Task to complete:
All of the data, except its images, should be set down exactly as it appears.

Dataset content:
● ● ●
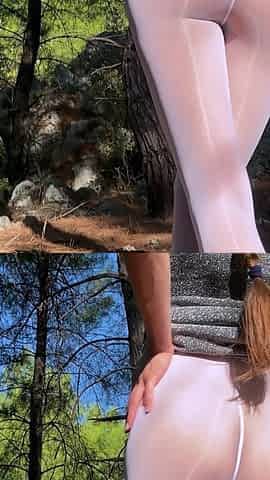 White oil shiny pantyhose in mountain forest
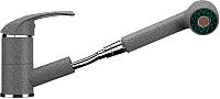 Смеситель Ulgran U-002 (309 темно-серый); Материал: латунь; Длина (вылет) излива: 202;202 мм; Высота излива: 123;123 мм; Назначение: для кухонной мойки; Монтаж: на раковину или столешницу; Механизм: однозахватный; Поворотный излив: есть; Выдвижной излив: есть
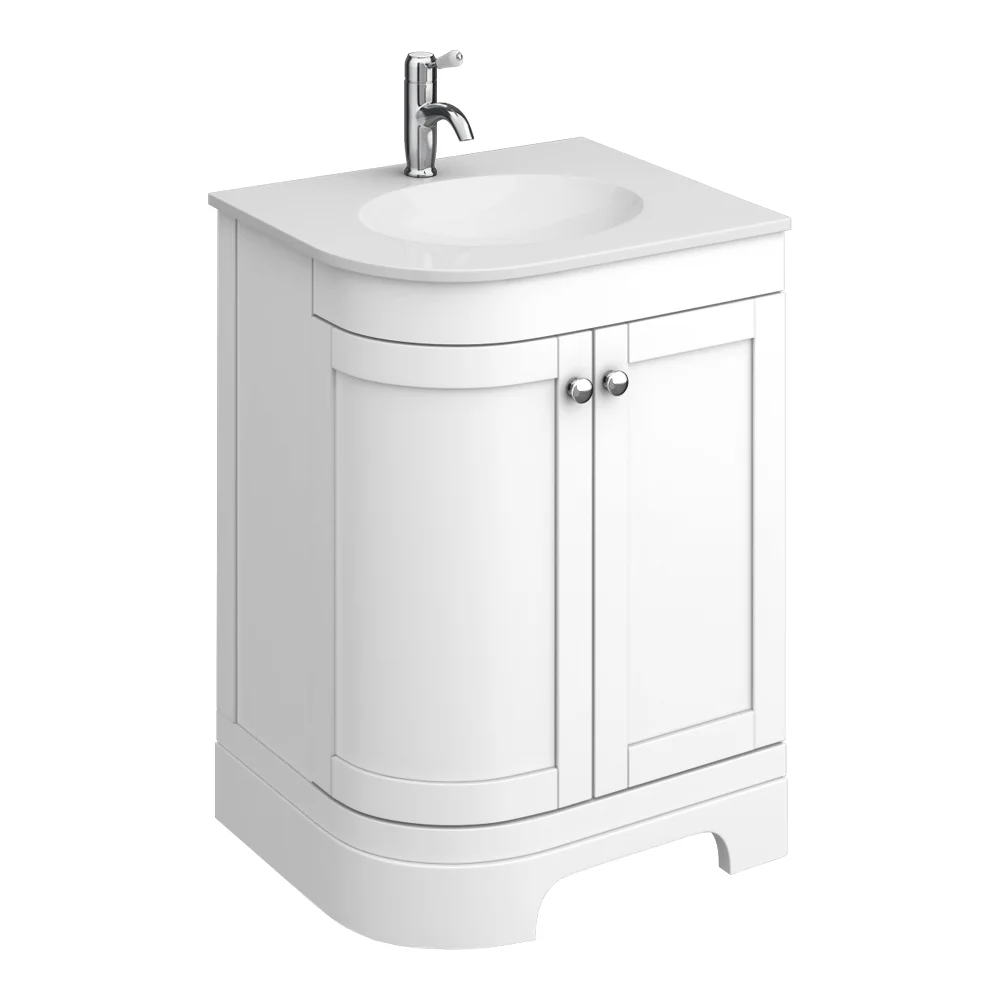 The Period Bathroom Company traditional 610mm wide White coloured offset curved vanity unit with white stone resin basin top, Victorian inspired design with a modern twist. The Period Bathroom Company range of charming bathroom furniture features satin finish with clean lines and recessed centre panels for a classic look.
● ● ●
Reply to the task:
 White oil shiny pantyhose in mountain forest
 Смеситель Ulgran U-002 (309 темно-серый); Материал: латунь; Длина (вылет) излива: 202;202 мм; Высота излива: 123;123 мм; Назначение: для кухонной мойки; Монтаж: на раковину или столешницу; Механизм: однозахватный; Поворотный излив: есть; Выдвижной излив: есть
 The Period Bathroom Company traditional 610mm wide White coloured offset curved vanity unit with white stone resin basin top, Victorian inspired design with a modern twist. The Period Bathroom Company range of charming bathroom furniture features satin finish with clean lines and recessed centre panels for a classic look.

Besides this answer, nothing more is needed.